Tuesday, 24 May 2011

I-O, Compare, Win


Imagine a game played with two coins. One head / one tail is a home win. Two heads is a draw, and two tails is an away win. To price up a match precisely would be rather easy, but when it comes to football, it’s a little trickier.

As I mentioned a couple of posts ago, mano said in a comment:

You mentioned in an earlier post that you have configured your Elo spreadsheet so that it can give you a goal expectation for each team in a forthcoming game. I maintain Elo ratings myself for a few leagues, and was wondering how you managed this. I don't expect you necessarily to reveal your workings and endanger your edge, but would you be able at all to point me at least in the right direction?
When I first started rating teams, I thought I would be able to plug in the two numbers and have a magic formula spit out some prices for me, but that didn't work.

What did prove to be more successful was taking the next step towards calculating the result needed to maintain a team's rating, and this is the strategy used to generate the Strong Draw picks that have proved so successful, but when it comes to generating prices, it finally dawned on me that the starting point has to be the number of goals each team is expected to score.

Once you have these two numbers, it is relatively easy to use Excel and the POISSON function to generate the probability that each team will score exactly 0, 1, 2, 3… goals. And from there it’s simple enough to calculate the probability of any correct score, match odds or over / under outcome. If both teams have a probability of 0.25 of scoring zero goals, then we can price up the 0-0 score at 16.0. Repeat this exercise for all the Under 2.5 results, add them together, and you have a price for that market. Add up all the home results and you have the Match Odds home price and so on.

It’s easier said than done of course, because you first have to come up with the number of goals a team might be expected to score. I use a team's previous games, both home and away, with any 'extreme' results smoothed out.

As might be expected, recent results carry the most weight, but it's more than just the result goes into generating this number. I look at the shots, shots-on-goal, and corners numbers too, as well as the relative strength of the opponents in each game. This is where the Elo ratings come in. Since each team has a rating, a ‘performance’ worth 1.5 versus a highly rated team might be worth 2.0 versus a bottom of the table team. A goal at Manchester United is given more value than a goal at home to Blackpool, and a 4-0 win is significantly devalued if the team ‘lost’ on shots, shots-on-goal and corners.

The end result of all these inputs is one number per team per game – the estimated number of goals that team will score against their opposition. Again, this number will vary depending on the strength of the opposition for obvious reasons.

The numbers are also time-sensitive because ratings are constantly changing,

In the same way that the ‘average’ UK family used to have an impossible 2.4 kids (now down to an equally impossible 1.9 I believe), the probable number of goals a team will score is unlikely to be an integer, but we can still use this fractional number as input to the POISSON function.

From Wikipedia
The first model predicting outcomes of football matches between teams with different skills was proposed by Maher in 1982. According to his model, the goals, which the opponents score during the game, are drawn from the Poisson distribution.
While the Poisson distribution arguably doesn’t work well for ‘binary’ scores (0-0, 0-1, 1-0 and 1-1), by factoring in more than just goals scored, the model seems to work reasonably enough. Besides, I remember Poisson from my Pure Mathematics With Statistics 'A' Level, whereas my recollection, knowledge and understanding of Binomial distribution are pretty much non-existent. No, that's a lie. They are non-existent.

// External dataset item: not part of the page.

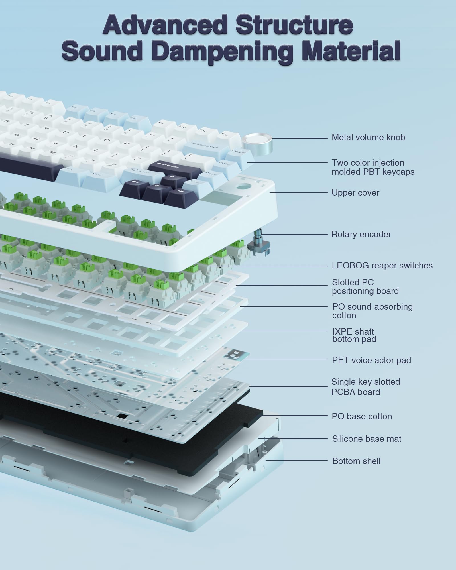 • Advanced Structure & PCB Single Key Slotting: This thocky heavy mechanical keyboard features an advanced structure, extended integrated silicone pad, and PCB single key slotting, better optimizes resilience and stability, making the hand feel softer and more elastic. Five layers of filling silencer fills the gap between the PCB, the positioning plate and the shaft,effectively counteracting the cavity noise sound of the shaft hitting the positioning plate, and providing a solid feel

Early observations are that my draw prices do tend to come in on the high side, possibly the result of my model underestimating these ‘binary’ scores, which contain two of the most common draw results, but a couple of statisticians, Mark J. Dixon and Stuart Coles, (authors of the 1997 paper Association Football Scores and Inefficiencies in the Football Betting Market), invented a correlation factor to compensate for these low scores, and I may have to reinvent something similar.

The maths can get complicated, but if I am finding value in the 0-0, either backing or laying, in every game, then clearly an adjustment is needed, and I have no qualms about tweaking.

I’ve been saying that this spreadsheet is a work in progress for a while now, but I do feel that there is finally light at the end of the tunnel. Of course, it could be a train, and while 31 games at the end of a season is a very small sample, a profit on the Match Odds markets of 14.43 points from 26 markets where value was identified, is a good start.

The Under / Over 2.5 selections were a little more, well, selective, generating 5.75 points from 14 qualifying matches.

Roll on 2011-12.

1 comment:

mano said...

Many thanks for this Cassini. It has given me some food for thought.

I have written a simple program, in Ruby, that, when given the goal expectancy for each team, spits out fair prices for the markets I like to get involved in. Of course, it is only as good as the inputs. Rubbish in, rubbish out, as the old saying goes.

I'm now working on making my goal expectancy estimations as reasonable as possible. I think your approach of coupling performance (goals + shots etc) with strength of opposition, derived from Elo ratings, is a sensible one.

Estimating goal expectancy appears to be the dark art. I guess the P/L sheet will be the best indicator of how good I am at it.